Episode Transcript
[00:00:01] How did Jesus and His Disciples get Enough to Eat? By Bart D. Ehrman Read by John Paul Middlesworth how did Jesus and his disciples support themselves?
[00:00:12] They left their families, homes and jobs to engage in a life of itinerancy preaching about the coming kingdom. But until it came, how did they survive? Specifically, how did they eat?
[00:00:24] I don't recall ever seeing any extended discussion of the question in a scholarly or popular book or article.
[00:00:31] If one of you has, let me know. It seems like an obvious question, and I suppose most people think there is an obvious answer. There may be. I can think of three, but it's worth thinking about in greater depth.
[00:00:44] One very big problem about understanding the historical Jesus I confront this all the time, is that nearly everyone, including lots of scholars, seems to assume that modern common sense, both in our minds and our actions, would have been common sense in the time and place of Jesus. And so scholars, and most people who read them talk about Jesus being middle class or having a summer home around Bethlehem, or getting a Greek education at the city of Sepphorus, or traveling to India or whatever.
[00:01:15] Yeah, no.
[00:01:17] We have to understand what it would have been like to be a lower class peasant in a rural part of backwater Galilee before we can even start to talk about Jesus own situation.

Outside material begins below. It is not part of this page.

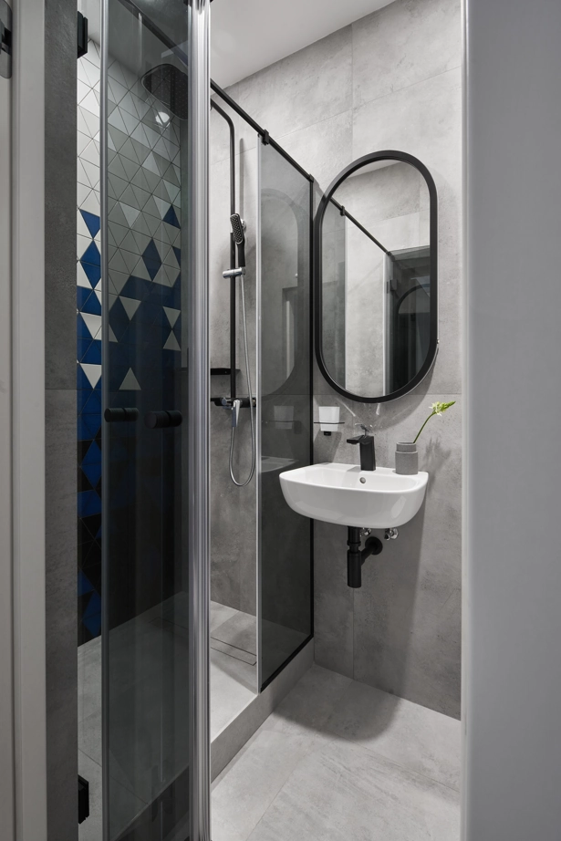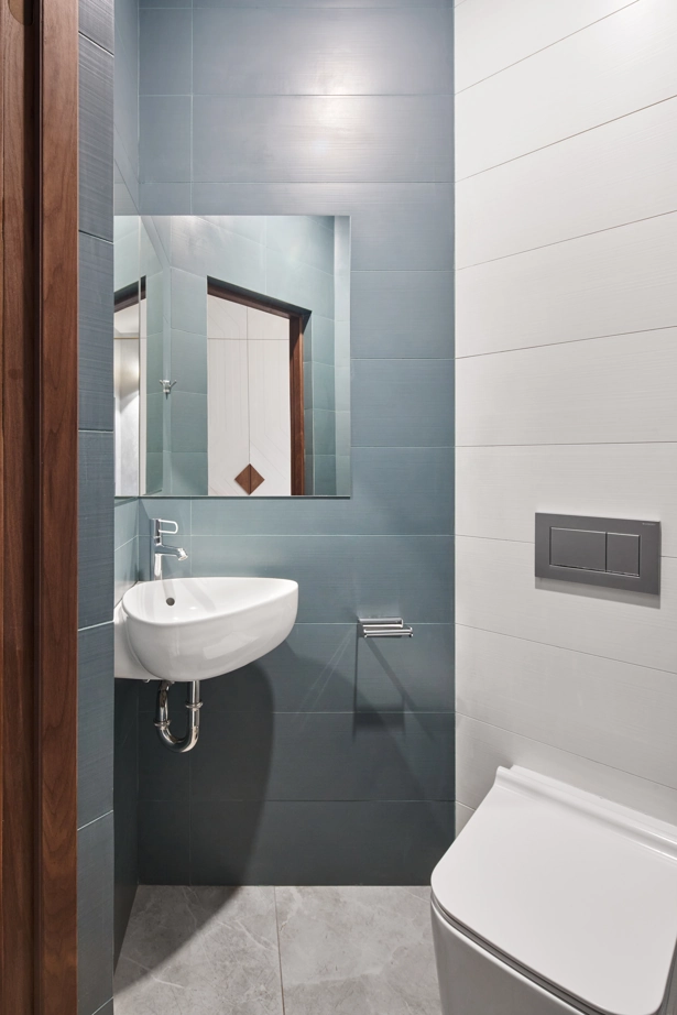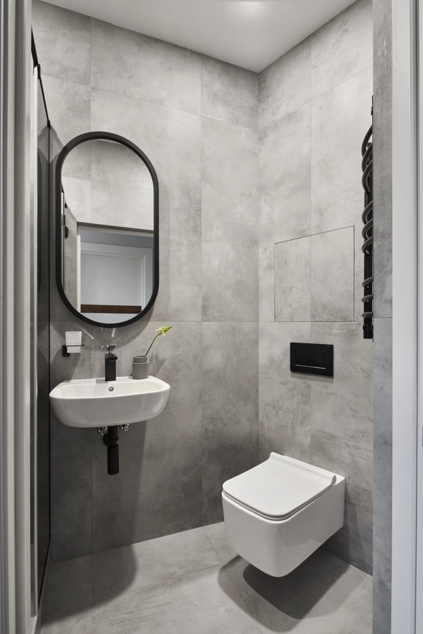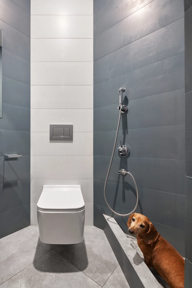 В интерьере санузла с душевой реализовали популярную минималистичную тематику с помощью плитки под бетон Millennium Silver 60×120 с натуральной поверхностью, а в оформлении маленького санузла у входа использовали настенную плитку из коллекции Element Silk в цветах Neve и Petrolio 25×75.
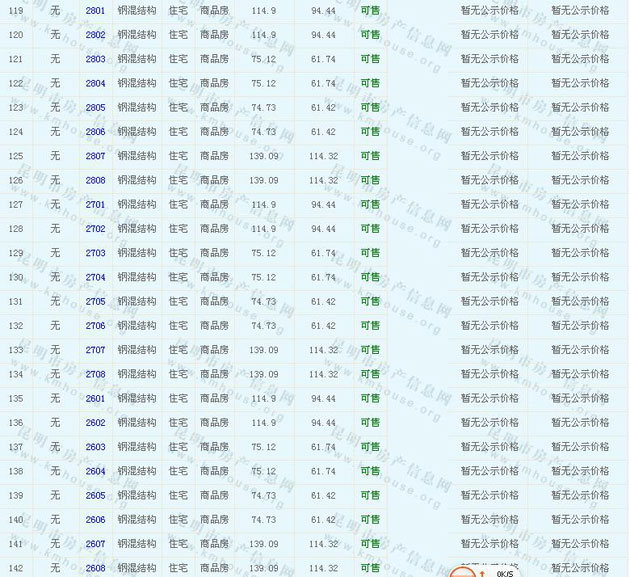 譽(yù)峰峰景花園(D區(qū))商品住房的準(zhǔn)售房源

[00:01:27] I'm not going to get into demographics, poverty, educational levels and opportunities, diet, wealth distribution, etc. Here. That would take a long treatment.
[00:01:36] All I'll say is that itinerant preachers who left their homes to wander about teaching and interacting with people did not make any money, so they had to have other resources in order to survive.
[00:01:48] The three obvious choices for how Jesus and the 12 found sufficient calories to survive seem to me to be they received financial support from followers who provided them with funds and food.
[00:02:00] They begged, they foraged, or some combination of these.
[00:02:05] Before considering these in turn in posts to come, we need to think about how long they would have needed to survive without steady employment.
[00:02:14] How long did Jesus public ministry last?
[00:02:17] It turns out to be a tricky question.
[00:02:19] Everyone says it was three years, but where does that number come from? It's a calculation derived only from the Gospel of John, our earliest gospel. Mark appears to assume that Jesus ministry lasted something like six or seven months.
[00:02:34] At the beginning of his ministry, Jesus has to explain to other Jewish teachers why it was all right for his disciples to be picking some of the crops from the field to eat even though it was Sabbath.
[00:02:45] Mark 2:23 28 I may devote an entire post to the issue, but it appears that if they are eating raw grain it would not be at harvest time.
[00:02:55] It's rare that people eat dry wheat off the stock, crunchy and hugely unpleasant and unsatisfying. We're probably thinking late spring or early summer, when the grain was filled out sufficiently, but still green and edible, if still not entirely pleasant.
[00:03:12] Say it was sometime in May.
[00:03:15] After that, the actions in Mark occur fast and furious One of Mark's favorite words is euthus, Greek for immediately. Mark repeatedly uses it to start episodes. He uses the word over 40 times, way more than the other gospels immediately Jesus did this, that, and the other thing at the end of Jesus ministry in chapter 11, Jesus enters into Jerusalem to celebrate the Passover feast and then has one more week on earth before the crucifixion.
[00:03:46] Passover is a spring festival, usually early April, so if Jesus ministry begins in the late spring or early summer and ends at Passover, it's less than a year.
[00:03:58] But in John, Jesus attends three separate Passover feasts. That means he must have been going back and forth to Jerusalem. In the synoptics, he only goes once in three separate years at the least. The ministry must then have lasted somewhat over two years, and readers normally simply round it up to three.
[00:04:17] How are Jesus and the disciples supporting themselves for all this time?
[00:04:21] Even if it's say, seven months, as in Synoptics, it is almost entirely in rural, poor Galilee, even if they were invited over for dinner at wealthy persons houses. But what wealthy persons with large houses say every Sabbath? What about the other meals that day and every other of the six days a week for months?
[00:04:42] Or if John is right, for three years?
[00:04:45] In either case, they are traveling around from one place to the next without employment and therefore without funds, but are managing to find some way to survive, that is eat how.
[00:04:57] That's what I'll be considering in the posts that follow.
[00:05:00] As always, I will welcome your comments.